At the same time, it is important that New Zealand continues to be a good place to base a business and that tax does not get in the way of this happening. New Zealand relies heavily on foreign direct investment (FDI) to fund domestic investment and, as such, the Government is committed to ensuring New Zealand remains an attractive place for non-residents to invest.

2.3 What is the policy problem or opportunity?
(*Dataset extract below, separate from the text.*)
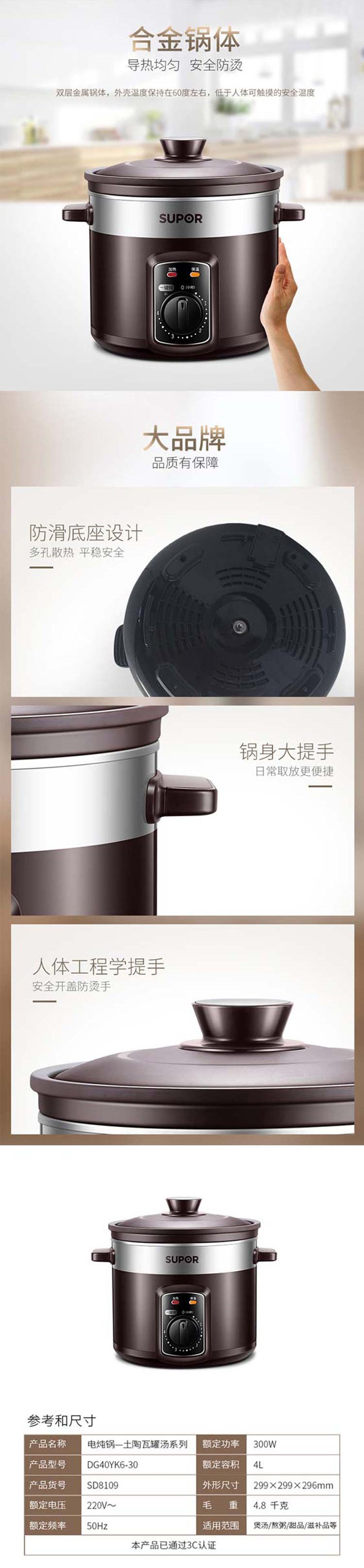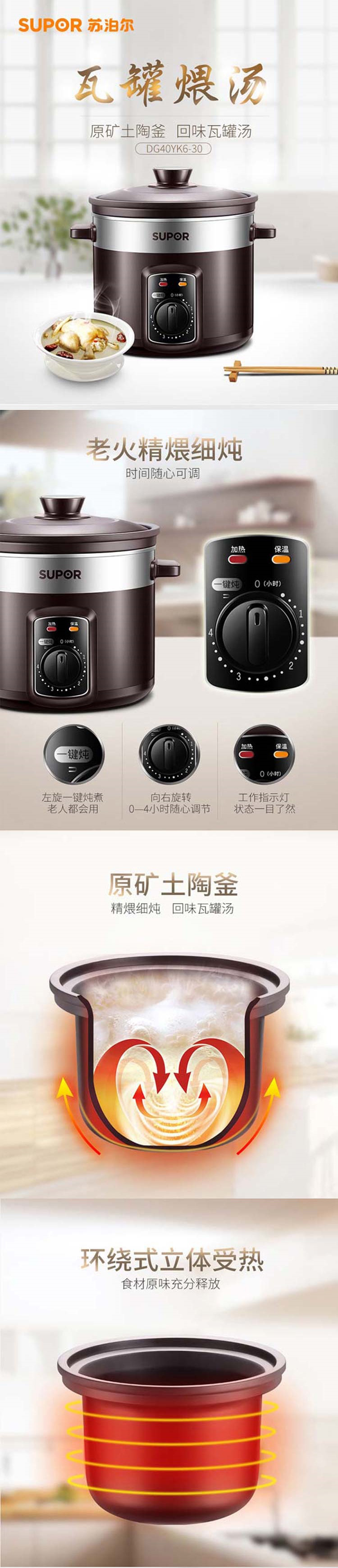 苏泊尔电炖锅紫陶4L DG40YK6-30

The problem of hybrid mismatch arrangements

Businesses can use hybrid mismatch arrangements to create tax advantages through exploiting inconsistencies in the way that jurisdictions treat financial instruments and entities under their respective domestic law. For example, using a hybrid entity or a foreign branch, a single expense may be deducted in two different jurisdictions, potentially reducing the tax payable on two different streams of income. Another example is a payment that is tax-deductible in one jurisdiction with no corresponding taxable income in the jurisdiction where the payment is received. However it is achieved, the result of a hybrid mismatch arrangement is less aggregate tax revenue collected in the jurisdictions to which the arrangement relates when compared with a straightforward arrangement that is seen consistently by both relevant countries. Hybrid mismatch arrangements also have the effect of subsidising international investment relative to domestic investment, which distorts the efficiency of global markets.

Since releasing its final recommendations on hybrid mismatch arrangements, the OECD expanded the scope of BEPS Action 2 to include branch mismatches. Branch mismatch arrangements are a result of countries approaching the allocation of income and expenses between a branch and a head office in different ways. Branch mismatch arrangements can also result in a reduction in the overall taxation of a corporate group, so are similar in effect to hybrid mismatch arrangements.

It is important to note that the policy problem is limited to circumstances when global tax is reduced as a result of a hybrid mismatch. This project does not address other mechanisms that taxpayers may use to lower their global tax liability, such as the use of low-tax jurisdictions to trap income.

Hybrid mismatch arrangements in New Zealand

New Zealand has a general anti-avoidance rule (GAAR) that can, in some instances, neutralise the effects of a hybrid mismatch arrangement. However, the target of the GAAR is arrangements that avoid New Zealand tax. The arrangement must also do so in a manner that is outside Parliament’s contemplation; a classic indicator being that the arrangement gains the advantage in an artificial or contrived way. Although the use of a hybrid mismatch arrangement reduces the overall tax paid by the parties to the arrangement, it is often difficult to determine which country involved has lost tax revenue. Further, the use of a hybrid is not necessarily artificial or contrived in and of itself. Accordingly, the GAAR does not provide a comprehensive solution to counter the use of hybrid mismatch arrangements.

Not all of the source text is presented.